• Record extracts:
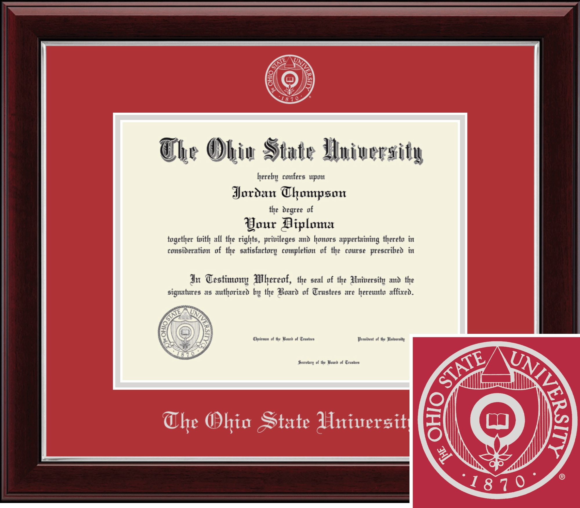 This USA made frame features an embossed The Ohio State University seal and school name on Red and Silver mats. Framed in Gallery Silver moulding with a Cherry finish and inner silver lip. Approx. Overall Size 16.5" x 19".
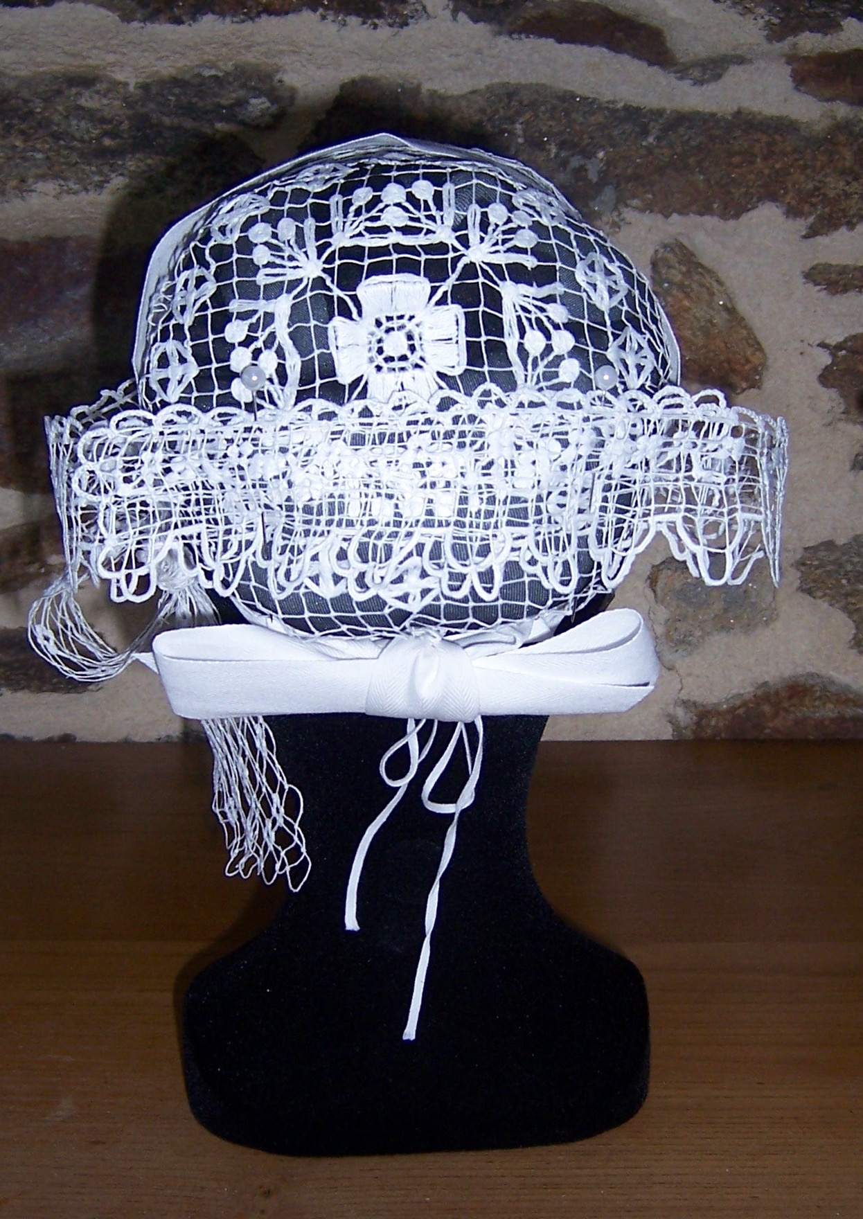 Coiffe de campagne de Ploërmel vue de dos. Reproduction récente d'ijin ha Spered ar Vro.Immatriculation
==
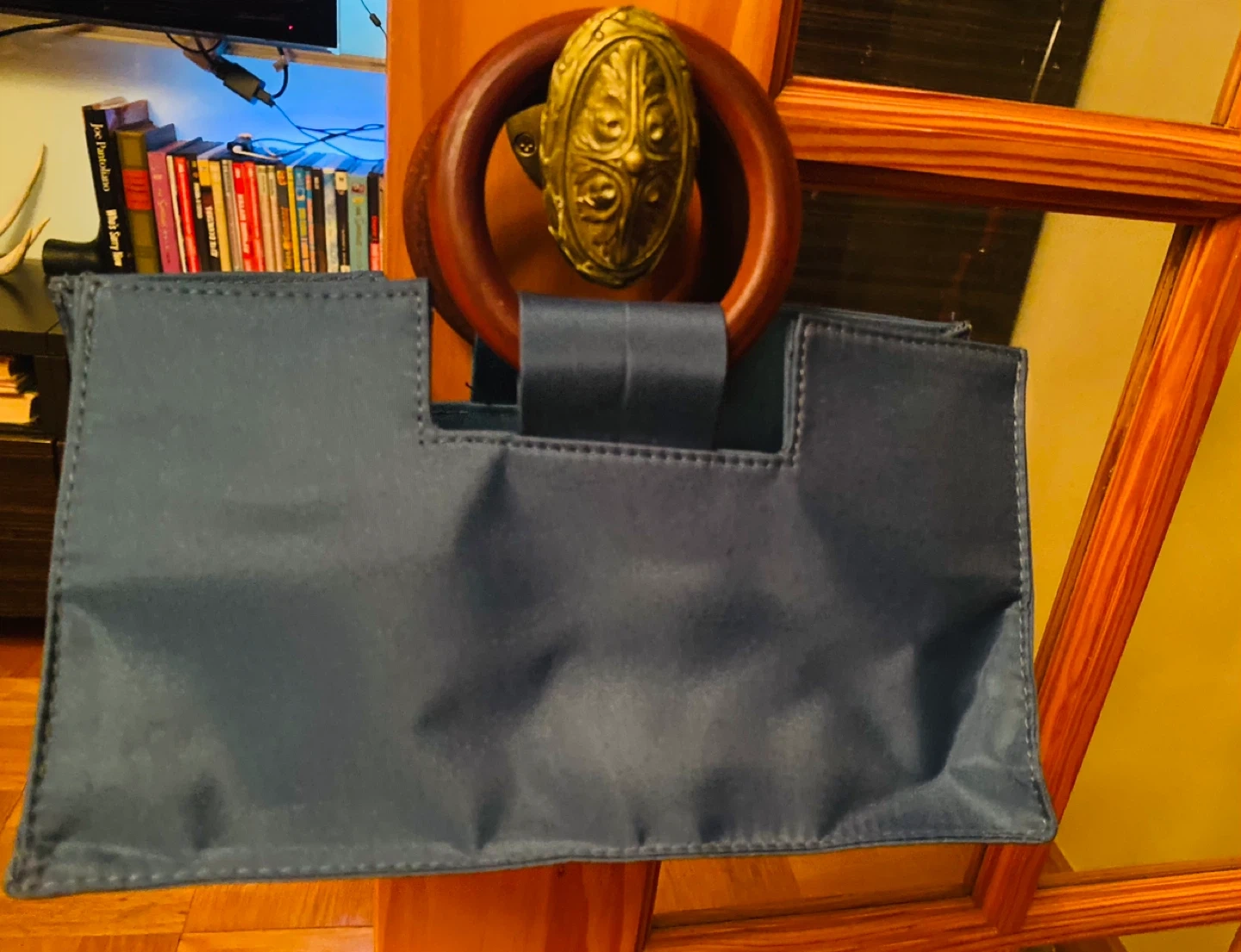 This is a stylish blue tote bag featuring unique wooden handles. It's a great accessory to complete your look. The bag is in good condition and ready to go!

• Problem statement:
The material above holds pictures; leave them out and set down exactly the lines from the line with "This USA made" to the line with "Coiffe de campagne", both included.

• Response area:
 This USA made frame features an embossed The Ohio State University seal and school name on Red and Silver mats. Framed in Gallery Silver moulding with a Cherry finish and inner silver lip. Approx. Overall Size 16.5" x 19".
 Coiffe de campagne de Ploërmel vue de dos. Reproduction récente d'ijin ha Spered ar Vro.Immatriculation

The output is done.